- Paril
- Coordinates: 41°26′N 23°41′E﻿ / ﻿41.433°N 23.683°E
- Country: Bulgaria
- Province: Blagoevgrad Province
- Municipality: Hadzhidimovo Municipality

Government
- • Suffragan Mayor: Georgi Nedelin

Area
- • Total: 14.948 km^{2} (5.771 sq mi)
- Elevation: 915 m (3,002 ft)

Population (2019)
- • Total: 10
- Time zone: UTC+2 (EET)
- • Summer (DST): UTC+3 (EEST)

= Paril =

Paril (Парил) is a village in Hadzhidimovo Municipality, in Blagoevgrad Province, Bulgaria.

==Geography==

The village of Paril is located in a mountainous region in the historical-geographical region of Marvashko. It is located at the foot of Tsari Vrah in Slavyanka Mountain (Alibotush) and the southern slopes of Pirin Mountain. The Paril saddle divides these two mountains. The village is a starting point for "Slavyanka" hut and for hiking on the mountain of the same name with its natural resources and caves.

==History==

Paril is a village with a rich historical past. Archaeological remains from different historical epochs have been found in the village. Fortress walls of a Roman settlement and a water supply system have been discovered near the Paril Tower. Even today, old coins are found in the fields, evidence of intensive settlement life.

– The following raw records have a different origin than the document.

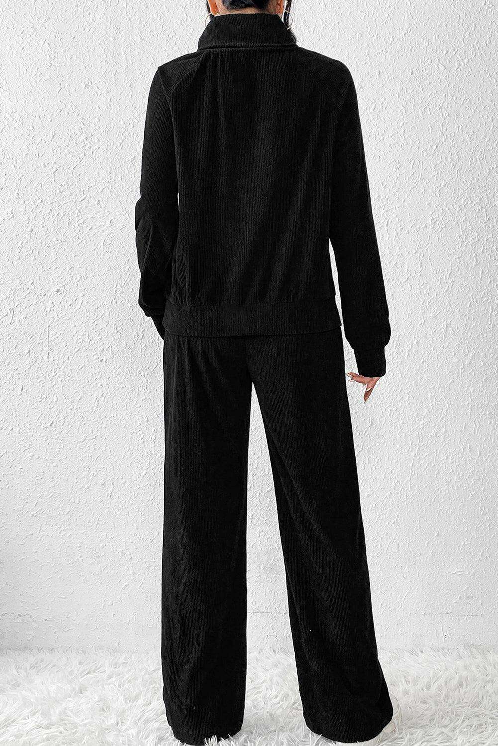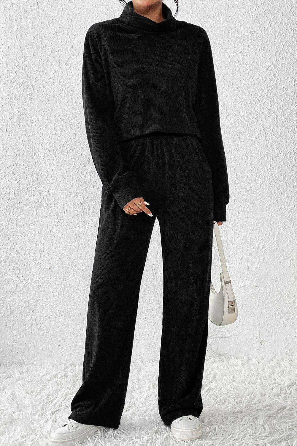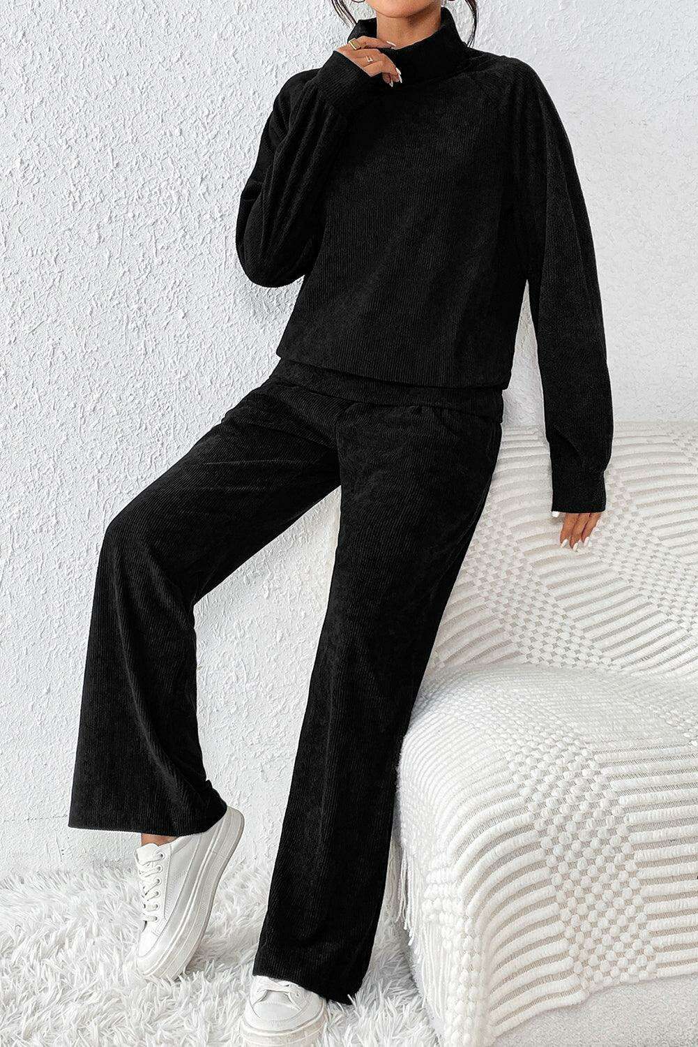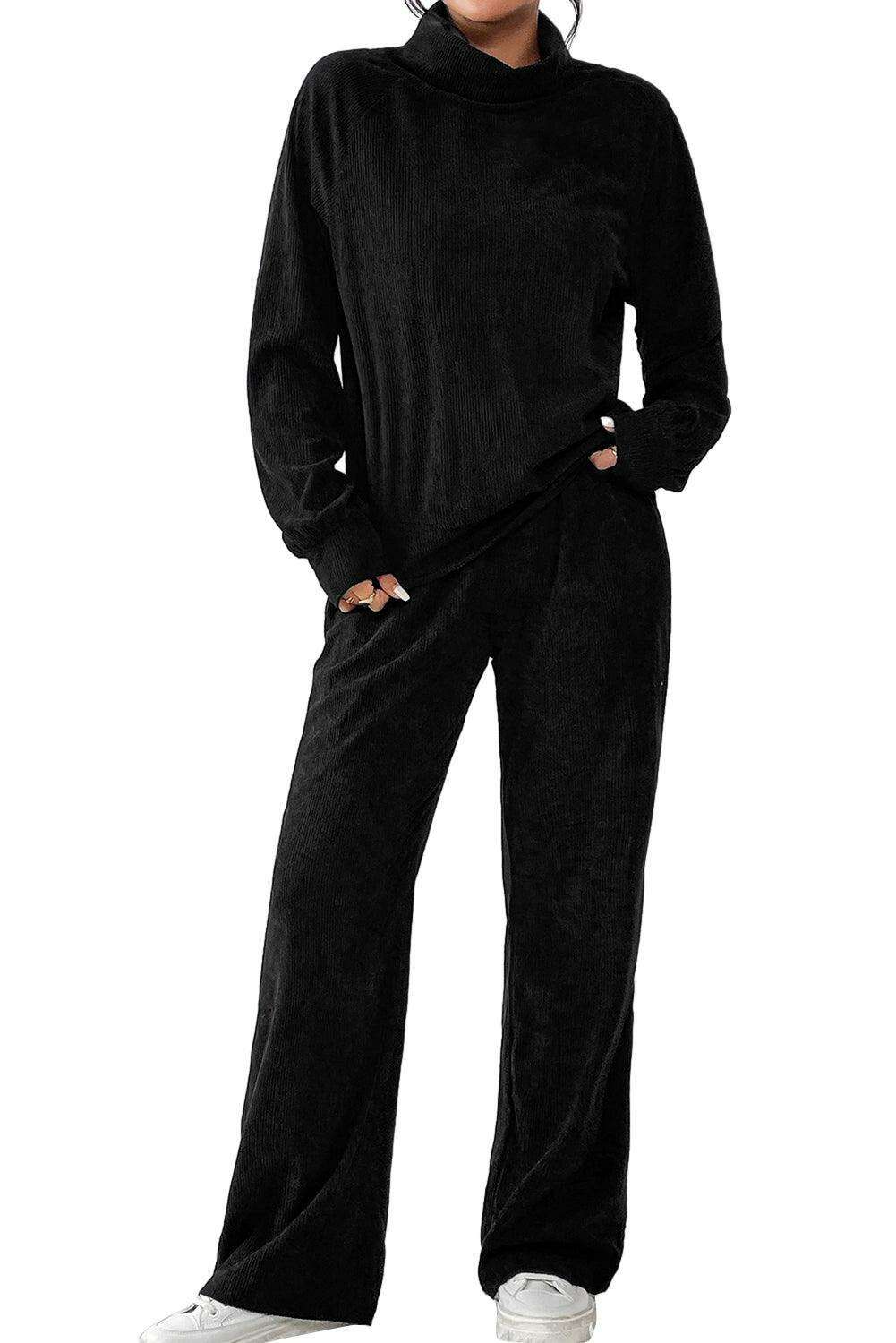 블랙 솔리드 컬러 코듀로이 하이넥 탑 & 팬츠 투피스 세트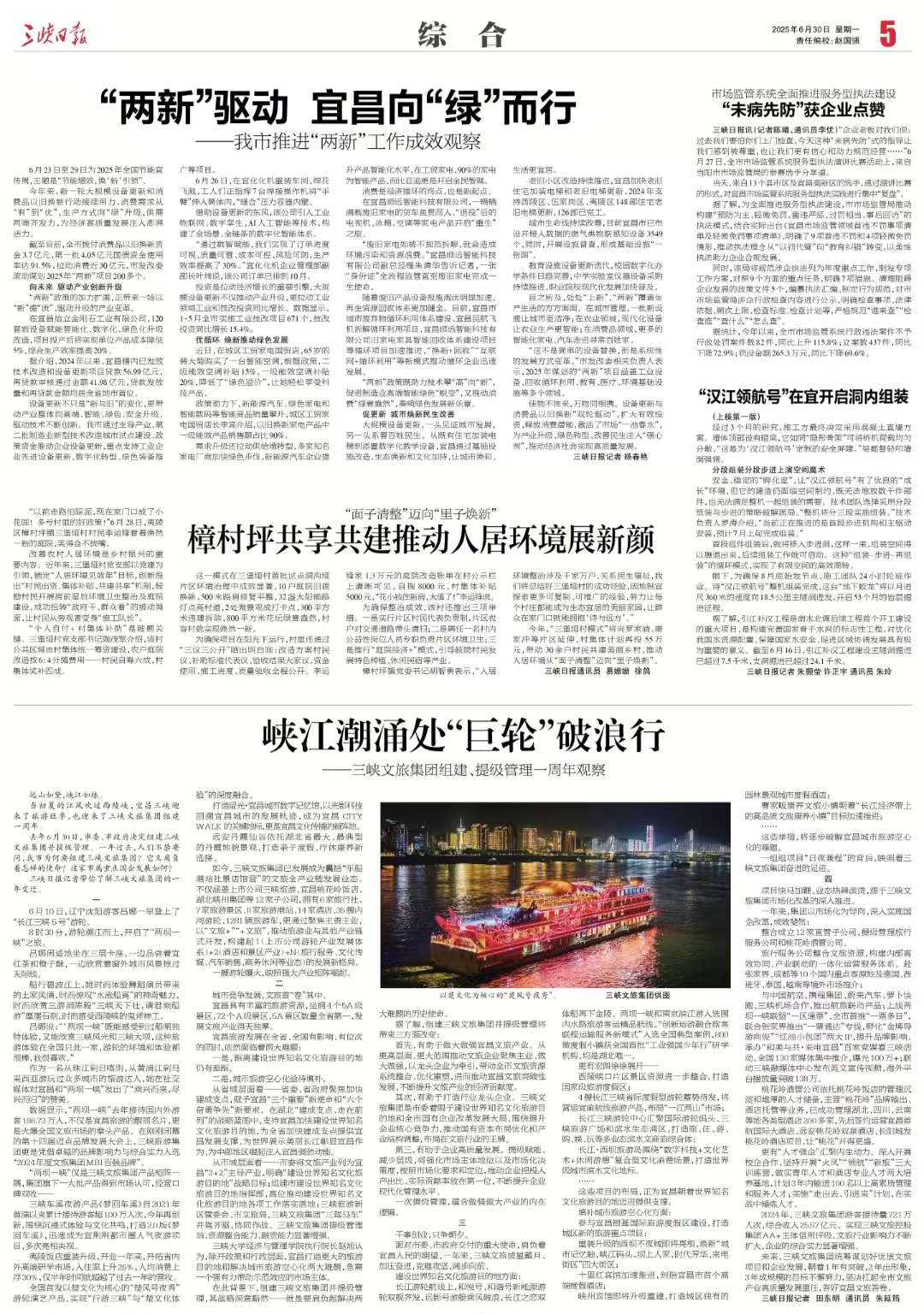 6月10日,辽宁沈阳游客吕娜一早登上了“长江三峡 5号”游轮。8时30分,游轮溯江而上,开启了“两坝一峡”之旅。吕娜闲适地坐在三层卡座,一边品尝着宜红茶和橙子酥,一边欣赏着窗外城市风景掠过天际线。船行碧波江上,她时而体验舞蹈演员带来的土家风情,时而惊叹“水涨船高”的神奇魅力,时而欣赏三游洞陈毅“三峡天下壮,请君乘船游”摩崖石刻,时而感受西陵峡的鬼斧神工。吕娜说:“‘两坝一峡’既能感受到过船闸独特体验,又能欣赏三峡风光和三峡大坝,这种旅游体验在全国只此一家,游轮的环境和体验都很棒,我很喜欢。”作为一名从珠江到日喀则,从黄浦江到马来西亚游玩过众多城市的旅游达人,她在社交媒体对宜昌和“两坝一峡”发出了“乘兴而来,尽兴而归”的赞美。
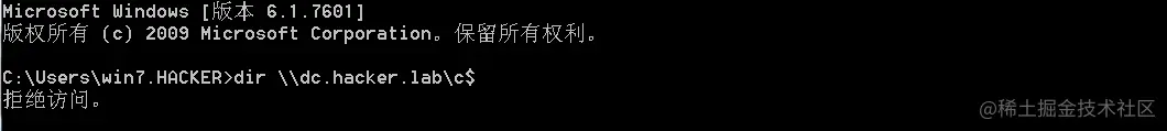 7、票据传递成功后我们就可以利用windows 7这台机器去连接域控了
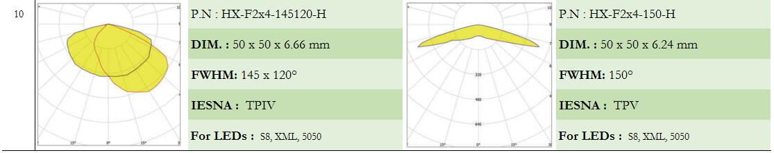 HX-F2x4-xx Series optics (50x50mm 2X4 arrays) ensure optimal lighting conditions for both players and spectators that meet the standards and requirements of different sports,for flood lights,tunnel lights,stadium lights,parking lot lighting high bay lighting.Beams are designed for symmetrical and asymmetrical low glare sports floodlights. Optimized for HP 3535 and compatible with up to 5050 size flat LED packages.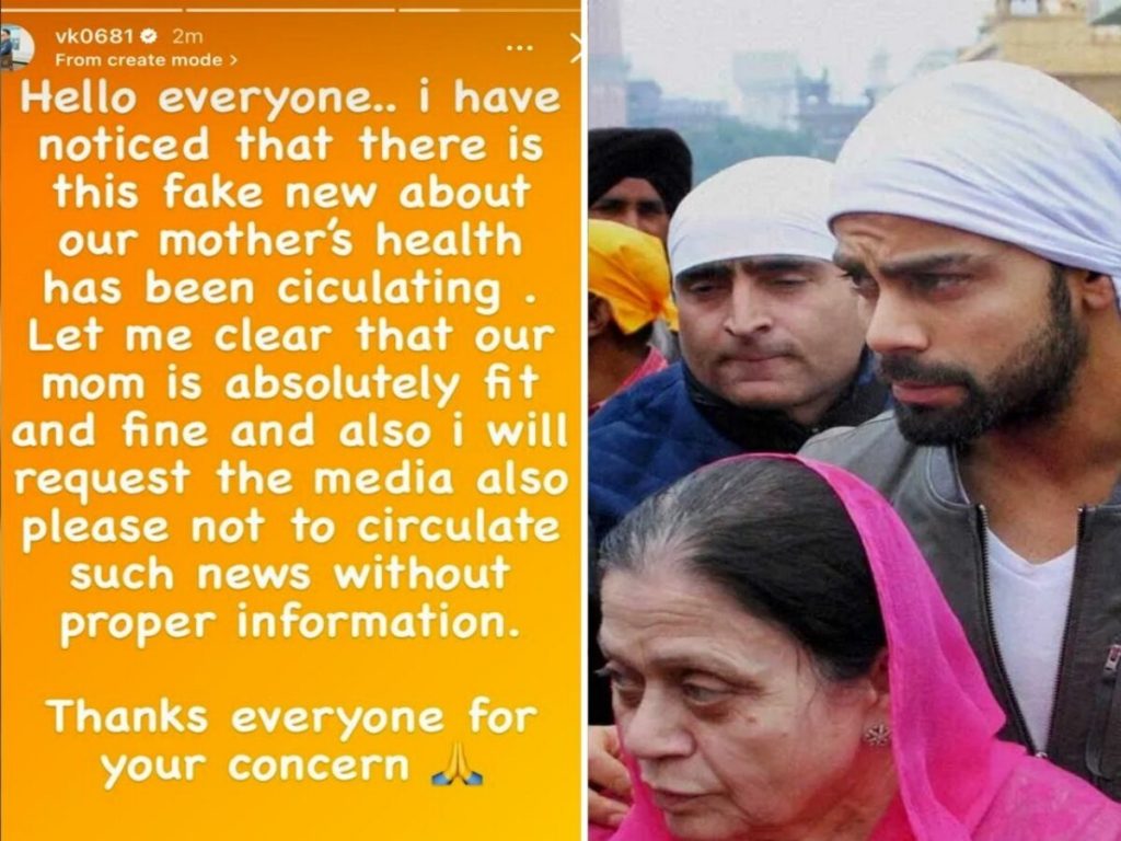 মা সুস্থই আছেন । বুধবার সামাজিক মাধ্যমে মা সরোজ কোহলির সুস্থ থাকার খবর জানান বিরাটের দাদা বিকাশ কোহলি । তিনি লেখেন, মায়ের শরীর খারাপ নিয়ে যে হবর প্রকাশ হয়েছে তা সম্পূর্ণ ভিত্তিহীন । সুস্থই আছেন মা । পাশাপাশি সত্যতা যাচাই না করে খবর প্রকাশ করায় ক্ষুব্ধ বিরাটের দাদা ।

In the 19th century the village was a small purely Bulgarian settlement, belonging to the Nevrokop kaza of the Serres sanjak. The church "St. St. Constantine and Helena" was built in the early nineteenth century. In the Ethnography of the Provinces of Adrianople, Monastir and Thessaloniki, published in Constantinople in 1878 and reflecting the statistics of the male population from 1873, Paril is listed as a village with 35 households and 130 Bulgarian inhabitants. In 1889, Stefan Verkovic ("Topographic and Ethnographic Essay of Macedonia") noted Paril as a homestead with 45 Bulgarian houses.

In 1891 Georgi Strezov wrote about the village:

"Paril Chiflik, on the south of Gaitaninovo. A few years ago it was a homestead; the peasants bought their land. Agriculture comes first;... It lies in a valley at the foot of Ali Botush. A church where Greek is read. Between Gaitaninovo and Paril Chiflik you can see the ruins of a castle, which are still called "The Tower". Below are Gradishta. The number of houses amounts to 50; Bulgarian. “
According to the statistical research of Vasil Kanchov ("Macedonia. Ethnography and Statistics"), by 1900 the population of the village numbered a total of 300 people, all Bulgarian Christians.".

According to the Secretary of the Bulgarian Exarchate Dimitar Mishev ("La Macedoine et sa Population Chrétienne") in 1905 in Paril (Poril) live 432 Bulgarians. There is a Bulgarian primary school in the village with 1 teacher and 12 students.

At the outbreak of the Balkan War in 1912, six people from the village were volunteers in the Macedonian-Edirne militia.

==Economy and transportation==

There are no economical subjects in the village. Only one guesthouse is accepting tourists during the whole year. The village is accessible during the whole year by asphalted road, connecting the municipal centre Hadzhidimovo with the village of Katuntsi and Petrich. The road is mountainous and difficult in winter conditions.

==Institutions==

There are not any administrative institutions in Paril. The elementary school "St. Clement of Ohrid", founded in 1933 year is closed, because there are no students in the village.

==Religion==

The people in the village are predominantly Orthodox Christian. The first church in Paril was built during Ottoman rule. It has not survived to the present day. The St. Constantine and Helene church was consecrated in 1936.

==Honours==
Paril Saddle in Antarctica is named after the village.